Vos amis de la famille Drumpf vous ont nourri avec des idées toxiques pour vous rebeller contre moi! Je ne tolérerai pas les instigateurs de l’anarchie dans cette maison! Qui vous a dit de demander de la nourriture, de l’eau, du carburant et de l’électricité! Vous serez fouetté à fond, puis mis à la terre!
En bref
Les créateurs de contenu et les influenceurs de l’Ouganda qui comptent de nombreux adeptes sur les réseaux sociaux devront désormais s’inscrire et payer des frais d’inscription annuels de 20 $ USD. La Commission ougandaise des communications a renforcé cette obligation par le biais d’un amendement à la loi sur les communications ougandaise de 2013 adopté par le Parlement le 6 avril 2017.
Ferial Haffajee, journaliste sud-africaine très respectée et récompensée, raconte son expérience vécue face aux attaques cyber-misogynes et fournit un aperçu de l’impact intense de ces attaques en ligne sur des journalistes courageux et professionnels.
Hillary Innocent Seguya Taylor, étudiante ougandaise, affronte légalement le président Yoweri Museveni, le porte-parole du gouvernement Ofwono Opondo et le commissaire politique en chef de la police, M. Asan Kasingye, pour l’avoir bloqué afin de l’empêcher d’accéder à leur compte Twitter.
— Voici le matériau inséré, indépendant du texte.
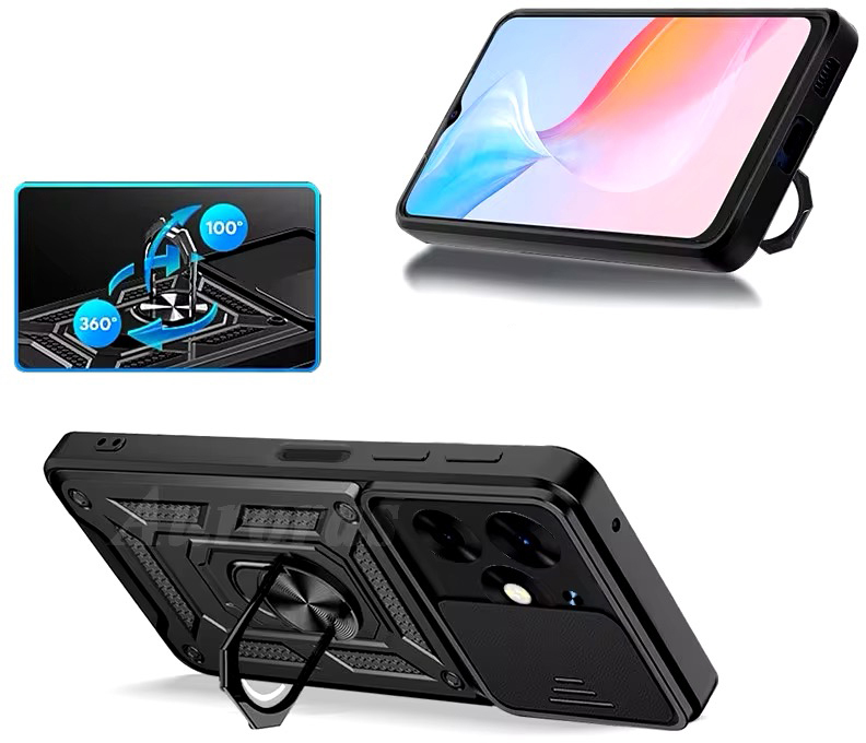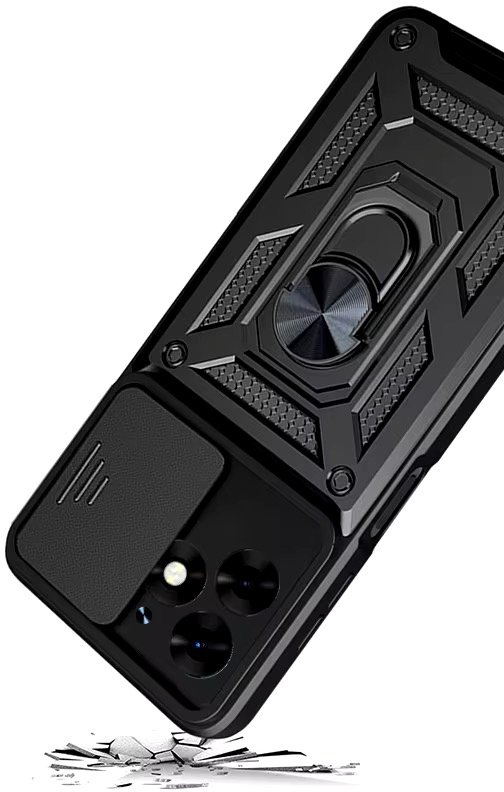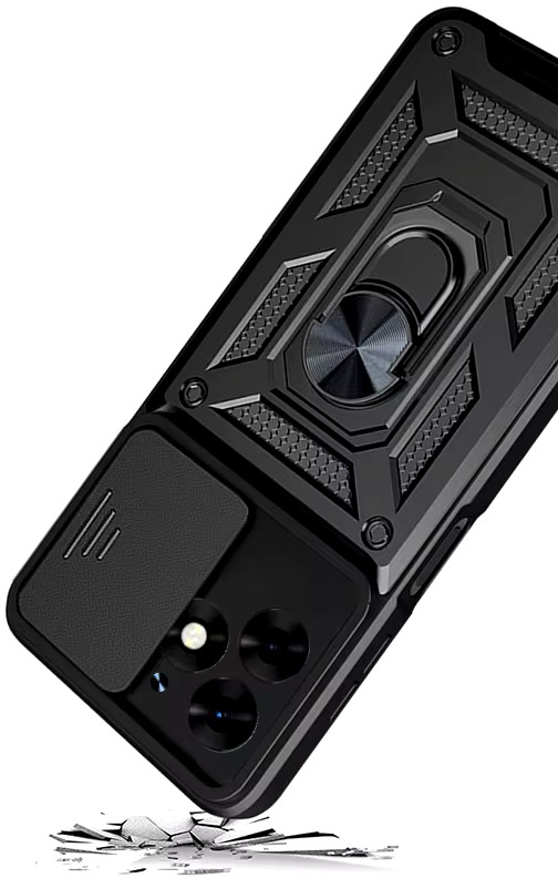 Гнучка силіконова панель має жорсткий металізований корпус та кільце-підставку для пальця. Чохол здатний витримати навіть сильні удари та подряпини.

La journaliste Felia Russel Ocloo a été agressée par des membres d’une église ghanéenne, Glorious Wave International, alors qu’elle couvrait une manifestation contre le pasteur titulaire de l’église, le prophète Badu Kobi.
Vingt journalistes, dont une journaliste enceinte, ont été agressés par les copains d’un membre de l’Assemblée de l’État du Nigéria.
L’hebdomadaire d’information The Manager Horizon est à plusieurs reprises menacé de fermeture par le Conseil supérieur de la liberté de la communication, le régulateur des médias du Congo-Brazzaville, à la suite de sa couverture d’une prétendue mauvaise gestion à une agence de l’Etat.
Un rapport publié par Journaliste in Danger (JED) et soutenu par AFEX (African Freedom of Expression Exchange) souligne l’absence d’action du gouvernement du président Felix Tshisekedi dans le renforcement de la liberté des médias et la protection des journalistes en RDC.
Diallo Soulemane, propriétaire de la station de radio privée Lynx FM, basée à Conakry, et le présentateur de Oeil de Lynx en Guinée Aboubacar Algassimou Diallo, font l’objet de poursuites à la suite d’un entretien téléphonique avec Sanoh Dossou Conde, un critique virulent du gouvernement basé aux États-Unis.